▶ Exercise goal:
Leave out the pictures and print the records below exactly.
(Beginning of Recorded data)
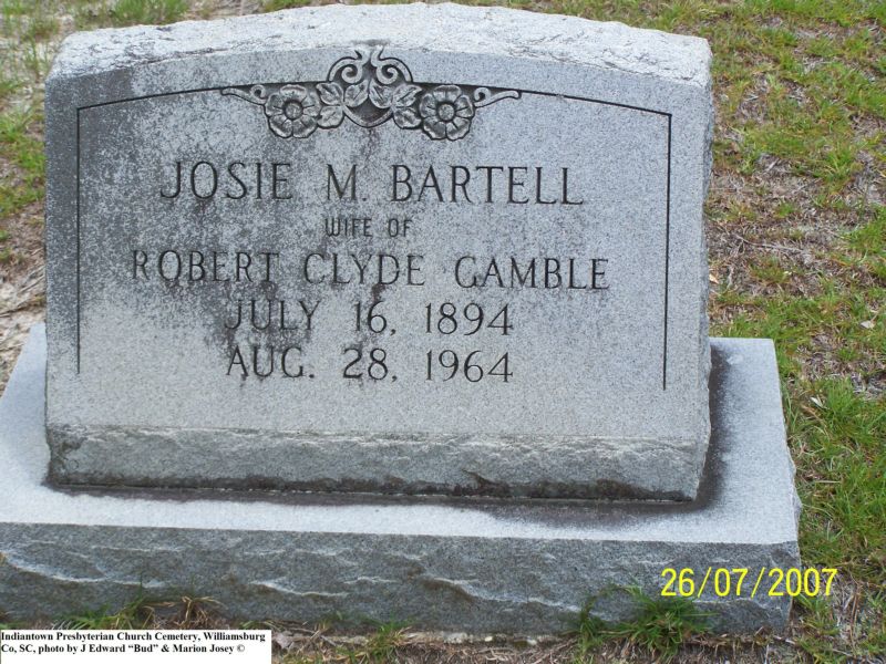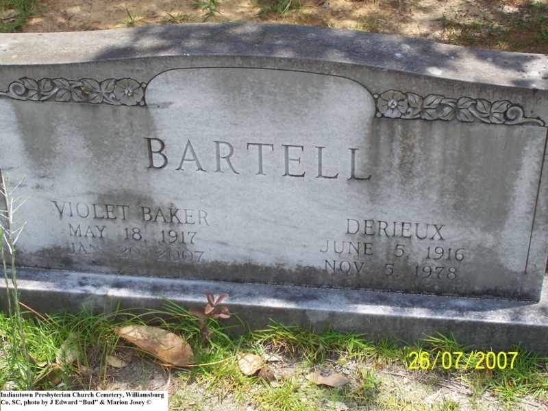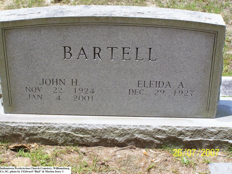 Bartell, John H & Elfida A, Indiantown Presbyterian Church Cemetery, Williamsburg Co, SC 356.jpg
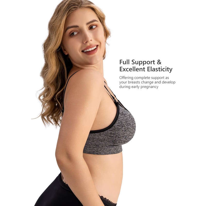 - COMFORT TO WEAR - It is super comfortable to wear and doesn't look like a classic nursing bra. The design resembles a sports bra. It has padding in the inside pocket that can be removed as desired. No oppression for female breast. Easy to open when mother wants to breastfeed.
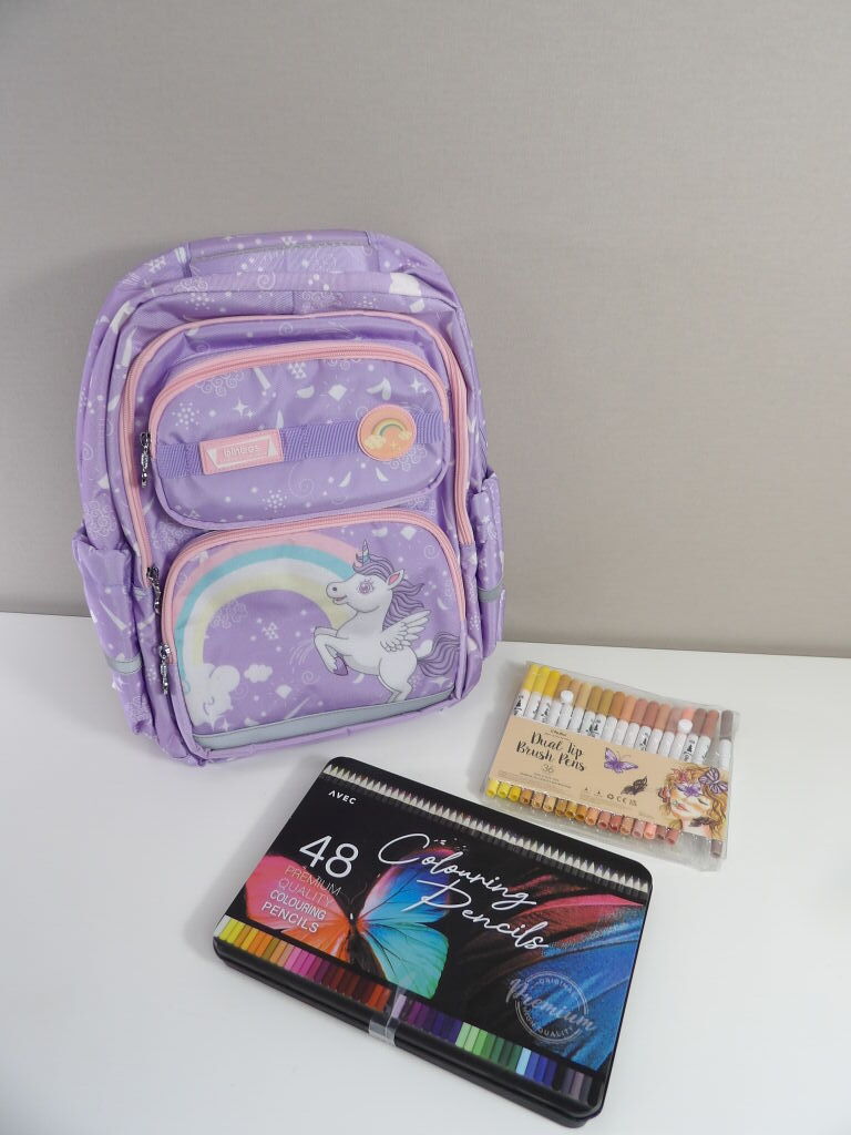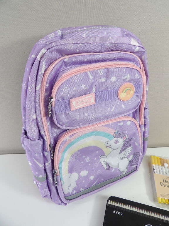 BINBES Sac à dos violet, avec licorne et arc en ciel; NEUF - idéal primaire. NEUF
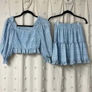 Adorable blue leopard print matching set from Red Dress Boutique! Only worn once. Top can be worn on or off the shoulders!
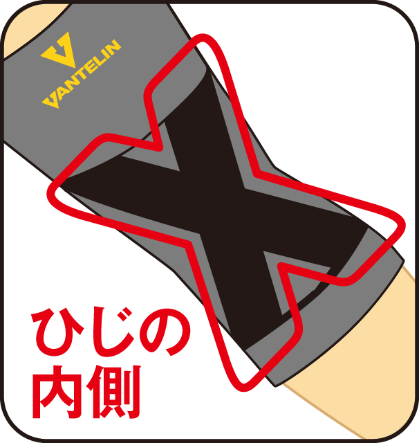 ひじの内側のX字型のテーピング編みが、ひじの過度な伸びやねじれを抑制し、重い物を持つ時などの不安を軽減します。
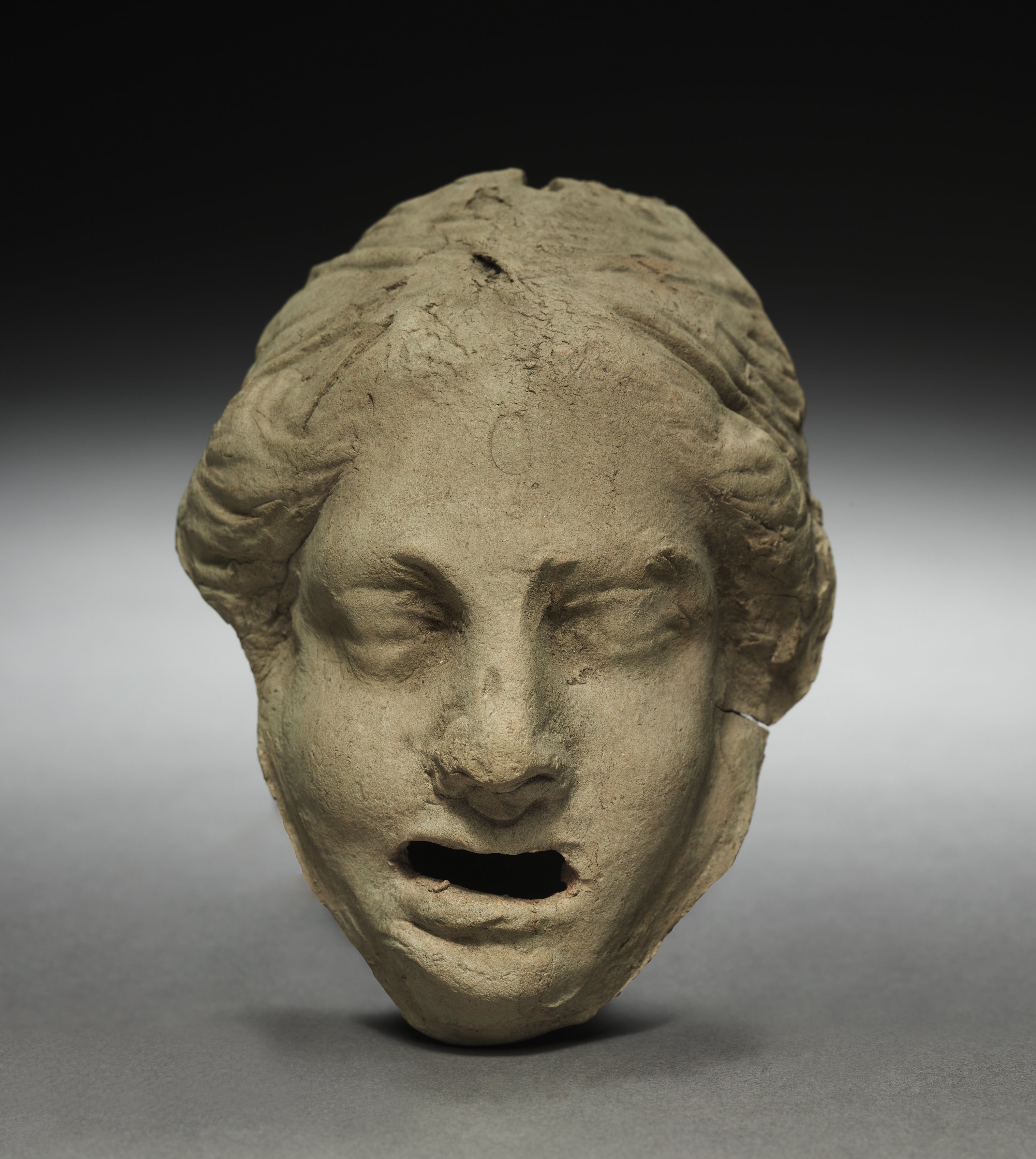The image depicts the head of a weeping woman. The sculpture shows a woman's head with her mouth open and her eyes closed. The woman's face is made of stone or clay and appears to be crying. The head is facing forward, with the mouth open as if in distress or sorrow. The eyes are closed, with the eyelids slightly puckered. The hair is short and styled close to the head, with some texture and detail visible on the surface. The background is a gradient from black at the top to white at the bottom. The overall atmosphere suggests a somber or melancholic mood. The piece appears to be titled "Head of a Weeping Woman" by an unknown artist.
(End of Recorded data)
▶ Response area:
 Bartell, John H & Elfida A, Indiantown Presbyterian Church Cemetery, Williamsburg Co, SC 356.jpg
 - COMFORT TO WEAR - It is super comfortable to wear and doesn't look like a classic nursing bra. The design resembles a sports bra. It has padding in the inside pocket that can be removed as desired. No oppression for female breast. Easy to open when mother wants to breastfeed.
 BINBES Sac à dos violet, avec licorne et arc en ciel; NEUF - idéal primaire. NEUF
 Adorable blue leopard print matching set from Red Dress Boutique! Only worn once. Top can be worn on or off the shoulders!
 ひじの内側のX字型のテーピング編みが、ひじの過度な伸びやねじれを抑制し、重い物を持つ時などの不安を軽減します。
The image depicts the head of a weeping woman. The sculpture shows a woman's head with her mouth open and her eyes closed. The woman's face is made of stone or clay and appears to be crying. The head is facing forward, with the mouth open as if in distress or sorrow. The eyes are closed, with the eyelids slightly puckered. The hair is short and styled close to the head, with some texture and detail visible on the surface. The background is a gradient from black at the top to white at the bottom. The overall atmosphere suggests a somber or melancholic mood. The piece appears to be titled "Head of a Weeping Woman" by an unknown artist.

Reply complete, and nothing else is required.